We stepped back to compose ourselves. Jake's plan, which was a good one, was simple enough, get under one side and dump it over away from us. Side by side we grabbed the lip of the tank and hefted it up off the ground, the brown rather thick liquid pooling at the far end. It was heavier than we thought and our leverage on the tank wasn't as good as it could have been. We dropped our edge and in a rush the water rolled back to our side of the tank splashing up into our faces. I gagged, turned made it a few steps and let loose whatever was in my stomach. I was a bit preoccupied, but I think Jake managed not to throw up. The smell was... well it's hard to describe; stagnate water, pounds of dead flies, mixed with what was left of the sweet smelling molasses, all fermented nicely in the tank for weeks if not months.

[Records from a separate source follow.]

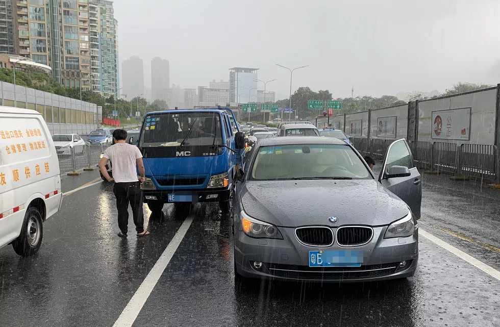 两车雨中擦碰,交警处理
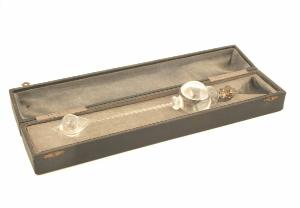 Termometro costituito da due ampolle in vetro a forma di goccia, unite da un cannello sul quale è dipinta a mano, con puntini di smalto, una scala suddivisa in sei settori ciascuno suddiviso in dieci parti uguali (puntini neri per i gradi e bianchi per le decine). Il liquido termometrico è acquarzente.\nIl termometro è conservato in un astuccio in legno ricoperto in tessuto ed imbottito internamente.
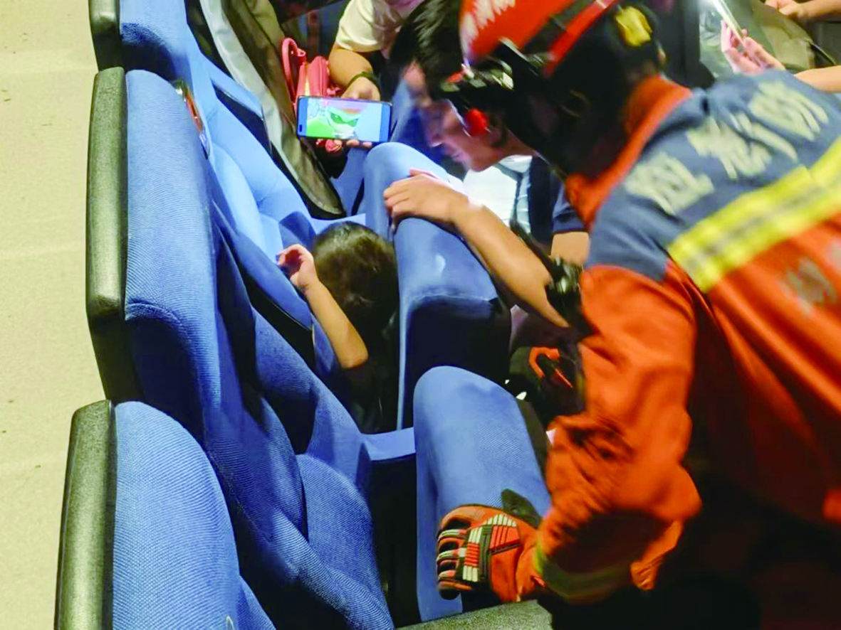 不少家长周末会带孩子去电影院看电影,但要注意的是,电影院里的座椅可能存在安全隐患。近日,攸县消防救援大队接到报警称,该县一影院放映厅内有人被困。消防员赶往现场救援。
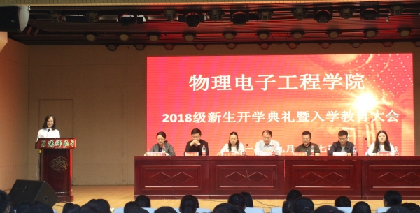 金秋送爽苍梧情,丹桂飘香开学时。9月27日上午,电子博彩导航 于理科楼报告厅成功举办2018级新生开学典礼暨入学教育大会,十大电子博彩平台导航网站 党委书记柳士刚,副院长仓玉萍、孙宜海,教师代表刘墨林,2018级新生辅导员张康华、黄钰莹、赵雪等领导老师莅临现场,与十大电子博彩平台导航网站 280余名学子共同参与此次会议。会议由黄钰莹主持。
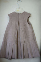 Dior taupe sleeveless dress and matching bloomers set in a fine soft corduroy cotton. The dress has a scoop neck with beautifully tailored box pleats that hang at the front and back. It is fastened with a concealed zip and fully lined with cotton, making it comfortable for the baby. The bloomers have an elasticated section of waist for comfort and elasticated leg cuffs.
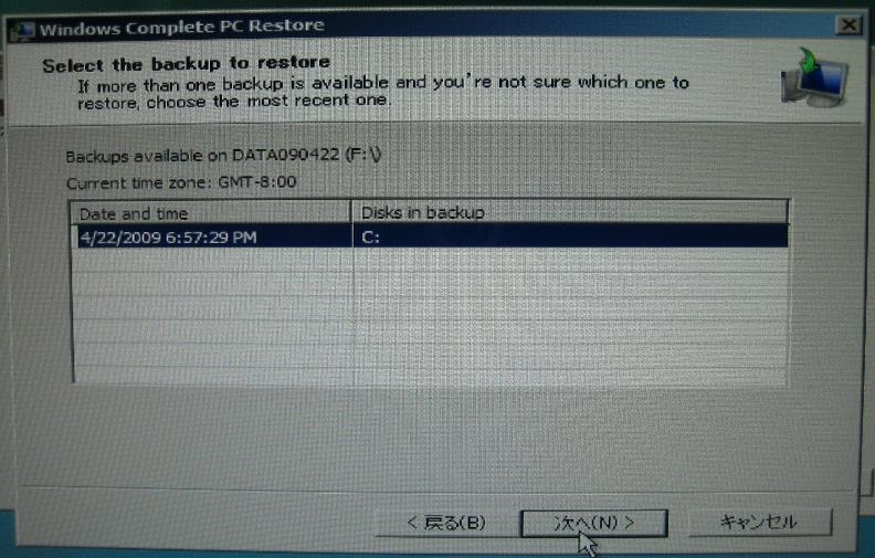 バックアップしたポイント(時系列)を選択する画面です。
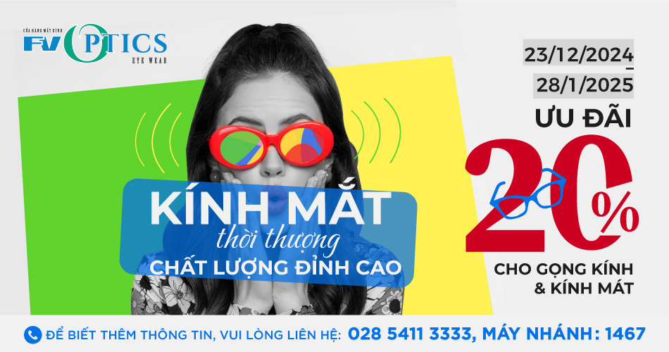 Từ 23/12/2024 – 28/1/2025, FV Optics dành tặng khách hàng ưu đãi 20% cho tất cả các mặt hàng mắt kính và gọng kính. Hãy đến tham quan, mua sắm để có thể tậu ngay cho bản thân hoặc dành tặng người thân những cặp kính đến từ các thương hiệu cao cấp, chất lượng với chi phí thật tiết kiệm. Hãy để FV Optics giúp bạn bắt đầu năm mới thật ấn tượng và bảo vệ tối ưu đôi mắt trên hành trình du xuân đây đó.
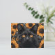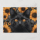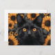 Schwarze Katze auf dem Sonnenblumenfeld Postkarte
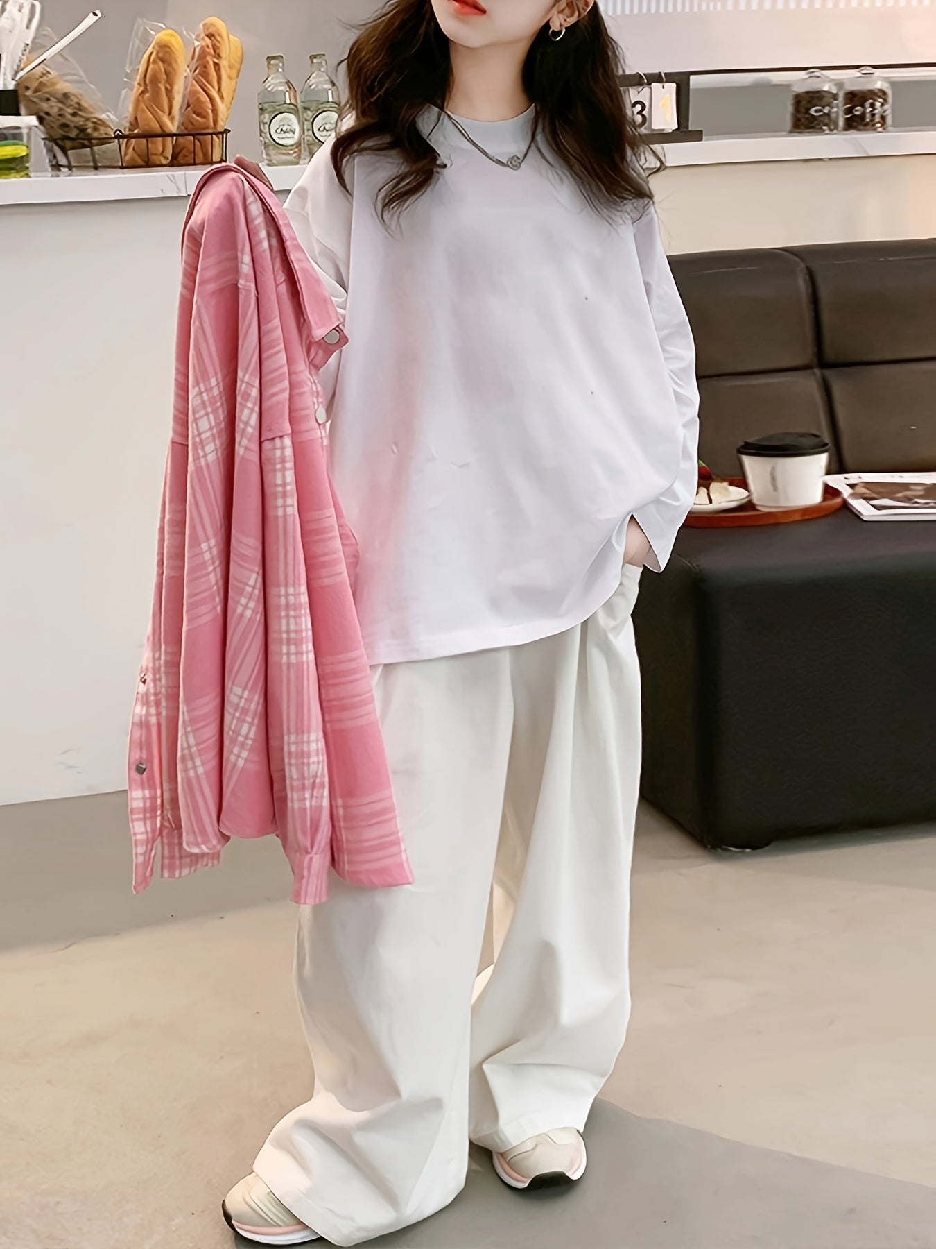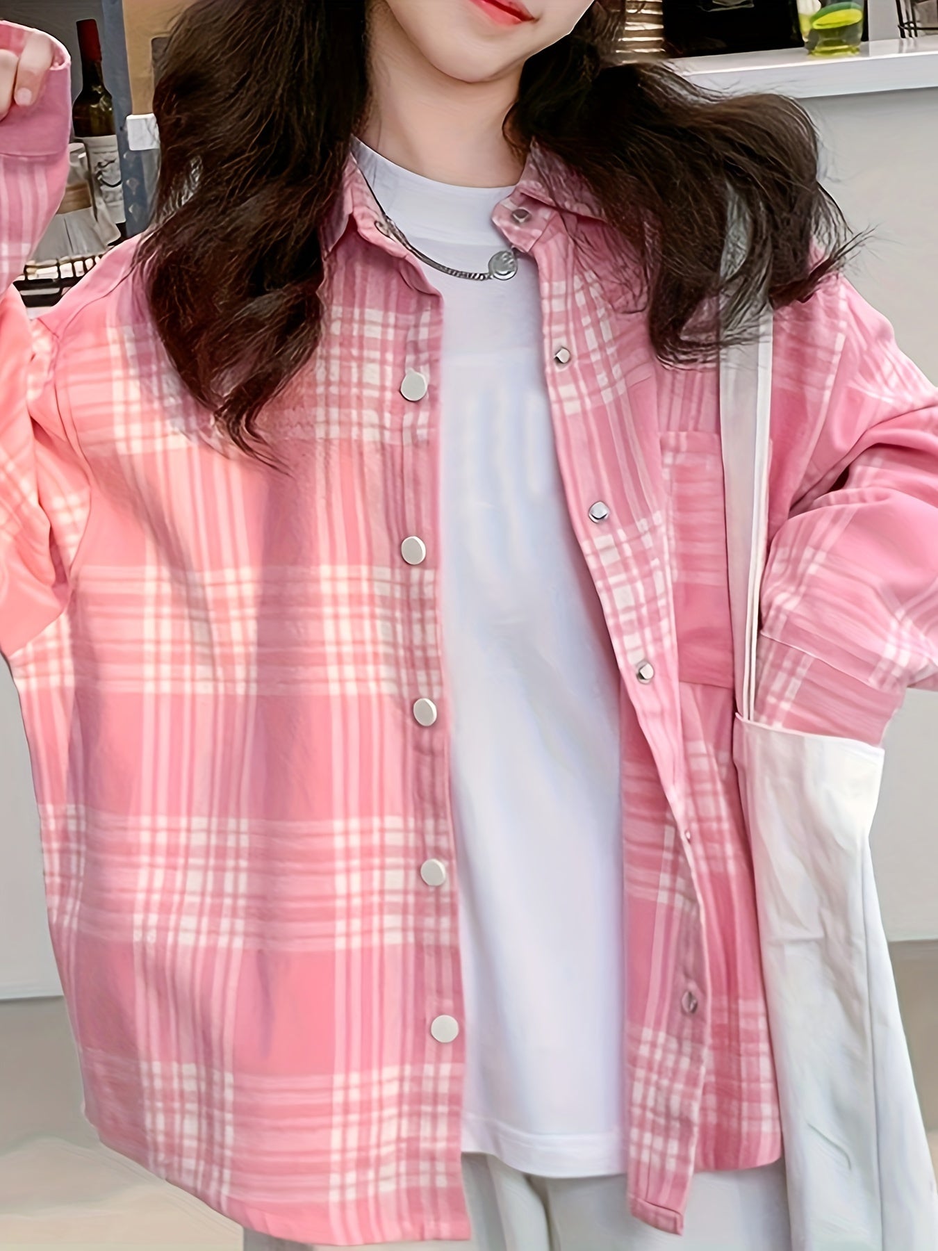 Девочки в клетчатой рубашке с длинным рукавом, дышащий смесь из вискозы, повседневная школьная одежда
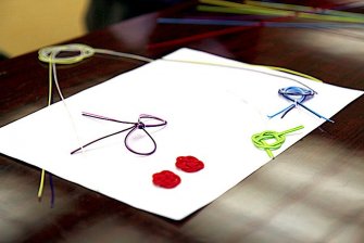 イベントの前半は、日本の伝統文化における結び目の象徴と歴史を学びました。水引について詳しく知らない留学生は、結び目一つ一つに意味があることにとても感心している様子でした。イベントの後半は、日本人学生の団体CESA(日本人学生と留学生との交流を促す団体)のメンバーと一緒にさまざまな種類の結び目を作りました。
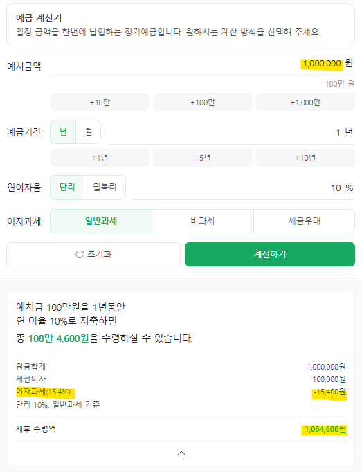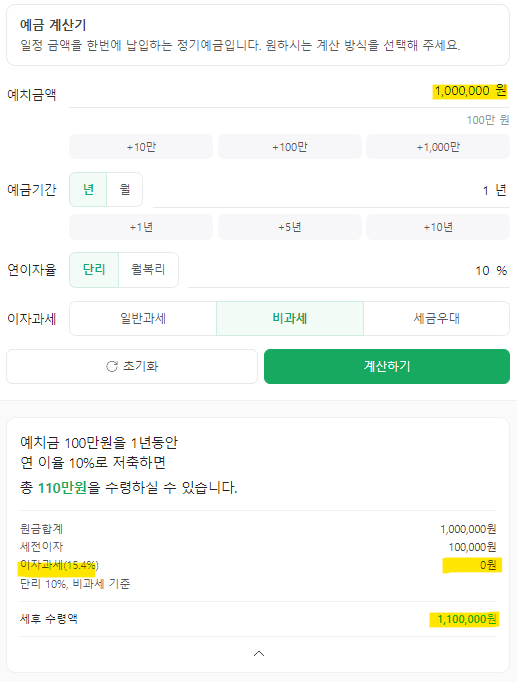 조건은 모두 동일합니다. 예치금 100만원을 1년동안 연 이율 10%로 저축한 조건입니다.

It was heavier than we initially thought, but we could dump it over, we knew that much. Jake got a little angry at me cause it took me a few minutes to settle myself enough to walk up to the tank alongside him. We had stirred it all up and now the smell was constantly emanating from the mess inside. I gave up about halfway through our second attempt, which really pissed Jake off. After another few minutes of pacing around I finally walked up to the tank and we upturned the damn thing. I can still see that shit spilling out onto the ground, uhhgg.

Promptly we got back over to the house and I jumped in the shower. It's been probably damn near twenty years and there has yet to be anything I've encountered that rivals that unholy stench.

Monday, September 26, 2011

Line 'O the day - July 9, 2008

The balance between being accommodating and being assertive is nearly impossible to maintain.
Or
Nice guys finish last because it’s a sacrifice they’re willing to make for the sake of others.


Present day note:
My best friend half hates me because of this aspect of my personality.

Tuesday, September 20, 2011

Line 'O the day - July 4, 2008

I don’t believe in God, because I don’t give a shit if anyone believes in me. And if, as they say, I am made in God’s likeness then my thoughts are akin to his, and he probably don’t give a rat’s ass if I believe in him or not.


Present day note:
Contradictions and half truths abound in this Line. At first I say I don't believe in God, but then sorta allow God the ability to not give a shit. Also I say I don't give a shit if others believe in me. That's kind of true. I'd prefer people like me, and wouldn't mind if a few folk on this Earth cared about me, but if they'd rather not buy stock in Zeb that's not a big issue.

Tuesday, September 13, 2011

Line 'O the day - June 21, 2008

I regret an ungodly number of instances and aspects of my existence, but when I look at the whole I don’t think I could feel better about it.


Present day note:
Hindsight may be 20/20, but it is also informative as a motherfucker. If you really take the time to learn from the past.